We unlock our leadership and our unique genius when we are on a mission because we become creative and are intrinsically motivated, we become focused. We are capable of forethought and solve problems before they happen through strategic planning. We talk the talk and walk the walk because nobody has to tell us what we should and shouldn’t do. Our energy levels go through the roof and burnout and adrenal fatigue are not a problem because we are engaged in activity that fulfils and nourishes us from within.
Dr Dre is a record producer who went from gangbanger to billionaire, well known for producing some of the best rap albums ever made. He is single minded in his pursuit of excellence in music and has been known to stay awake for days on end in the studio, engrossed in his latest project because he is inspired from within. Focus is not a problem for him.

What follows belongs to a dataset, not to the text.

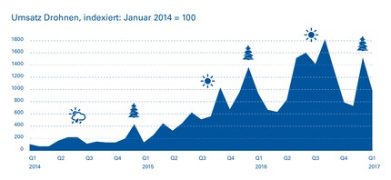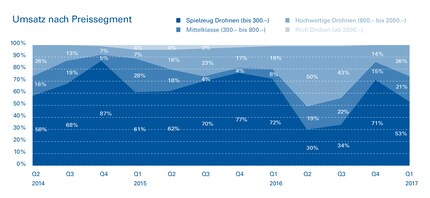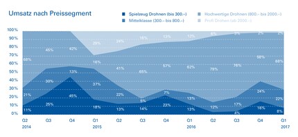 On retrouve aussi des différences saisonnières pour les ventes par segments de prix: à Noël, les drones-jouets dont les prix vont jusqu’à 300 francs sont particulièrement appréciés. En été, ce sont des drones de qualité supérieure, dont les prix se situent entre 800 et 2000 francs, qui sont les plus demandés. «Je suppose que cette tendance s’accentuera encore cette année», dit Blijdenstein. En été et en automne 2016, les acheteurs en ligne suisses ont déjà acheté plus de drones de qualité que de drones-jouets.
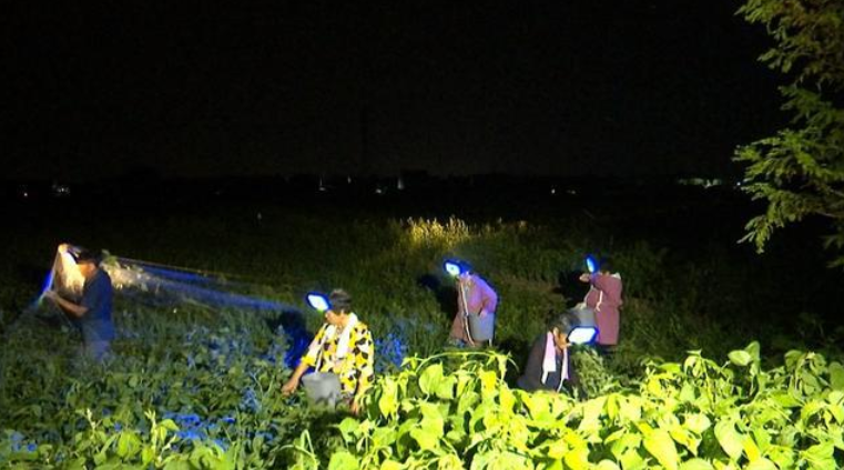 “白天温度高,豆丹躲在叶子下面不出来,晚上气温凉快些,豆丹会出来吃叶子,用紫外线灯照上去,它的身体就会发亮,抓起来很方便。”市泰连家庭农场负责人时良桂边采摘豆丹边向记者介绍,采摘的豆丹都要送到连云港那边的批发市场,现在价格是在21—25元每斤,春季的时候,豆虫的价格较高,在100元多每斤,对农场未来的发展还是很有信心的。

People like Elon Musk are unperturbed by outside voices and distractions and they are capable of overcoming endless obstacles in the pursuit of what they view to be valuable and the best part is, where those values align with the values of other people, there is a lot of money to be made.
What can you do to regain focus?
Warren Buffet suggests wring a list of the 25 most important things in your life and ranking them 1-25. He then suggests spending the rest of your life focused on the top five and forgetting the other twenty because they are merely distractions from what is most important to you.
Lacking focus by getting caught up in our amygdala is not some flaw in the system or a disease process. It is a message from our brain, telling us we are not living congruent with our highest values. We have subordinated ourselves to someone else’s mission or we have become one sided in our thinking about people or events in our lives. We have sacrificed our potential, leaving us unsatisfied as a distracted slave to passion rather than a focused master on a mission.
A great tool to help you to define your hierarchy of values is the Demartini values determination process. It is a short online questionnaire that should only take you about 10-15 minutes.